最近在做数据血缘的相关工作,对explain语句的解析有两个问题
- EXPLAIN VERBOSE语句在查询insert语句的时候,OLAP TABLE SINK输出的TUPLE ID对应的TupleDescriptor的tbl内容为null
如SQL语句
EXPLAIN VERBOSE
INSERT into data_platform.test1 select
t1.uid as ID,
max(dt) as create_time,
min(dt) as update_time
from data_platform.test t1
left join data_platform.ods_test_wh_1 t2 on t1.uid=t2.AGE
where uid > 10
group by uid
order by uid
获得的结果为
PLAN FRAGMENT 0
OUTPUT EXPRS:
id[#15]
create_time[#16]
update_time[#17]
PARTITION: HASH_PARTITIONED: uid[#5]
HAS_COLO_PLAN_NODE: true
OLAP TABLE SINK
TUPLE ID: 7
RANDOM
IS_PARTIAL_UPDATE: false
5:VAGGREGATE (update finalize)(543)
| output: max(dt[#11])[#13], min(dt[#11])[#14]
| group by: uid[#10]
| cardinality=950,123
| final projections: uid[#12], create_time[#13], update_time[#14]
| final project output tuple id: 6
| distribute expr lists: uid[#10]
| tuple ids: 5
|
4:VHASH JOIN(533)
| join op: LEFT OUTER JOIN(PARTITIONED)[]
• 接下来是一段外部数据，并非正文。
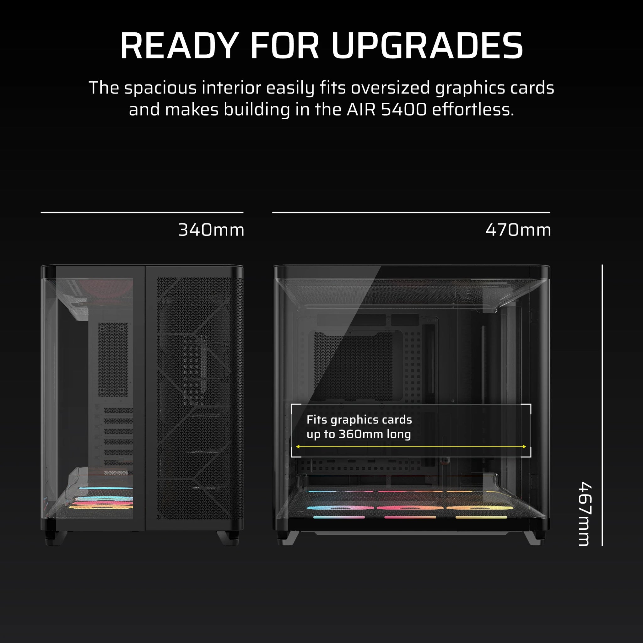 The roomy interior was designed specifically for the most powerful GPUs with plenty of room to breathe and dual airflow ducts to channel cool air through the GPU for maximum performance.

| equal join conjunct: (uid[#5] = expr_cast(AGE as INT)[#4])
| cardinality=2,999,986
| vec output tuple id: 4
| output tuple id: 4
| vIntermediate tuple ids: 3
| hash output slot ids: 5 6
| isMarkJoin: false
| final projections: uid[#7], dt[#8]
| final project output tuple id: 4
| distribute expr lists: uid[#5]
| distribute expr lists: expr_cast(AGE as INT)[#4]
| tuple ids: 2 1N
|
|----1:VEXCHANGE
| offset: 0
| distribute expr lists:
| tuple ids: 1N
|
3:VEXCHANGE
offset: 0
distribute expr lists:
tuple ids: 2
PLAN FRAGMENT 1
PARTITION: RANDOM
HAS_COLO_PLAN_NODE: false
STREAM DATA SINK
EXCHANGE ID: 03
HASH_PARTITIONED: uid[#5]
2:VOlapScanNode(502)
TABLE: data_platform.test(test), PREAGGREGATION: ON
PREDICATES: (uid[#5] > 10)
partitions=1/1 (test)
tablets=10/10, tabletList=99467678,99467694,99467710 ...
cardinality=3000017, avgRowSize=0.0, numNodes=1
pushAggOp=NONE
tuple ids: 2
PLAN FRAGMENT 2
PARTITION: HASH_PARTITIONED: USER[#0]
HAS_COLO_PLAN_NODE: false
STREAM DATA SINK
EXCHANGE ID: 01
HASH_PARTITIONED: expr_cast(AGE as INT)[#4]
0:VOlapScanNode(513)
TABLE: data_platform.ods_test_wh_1(ods_test_wh_1), PREAGGREGATION: ON
PREDICATES: ((CAST(AGE[#1] AS int) > 10) AND (__DORIS_DELETE_SIGN__[#2] = 0))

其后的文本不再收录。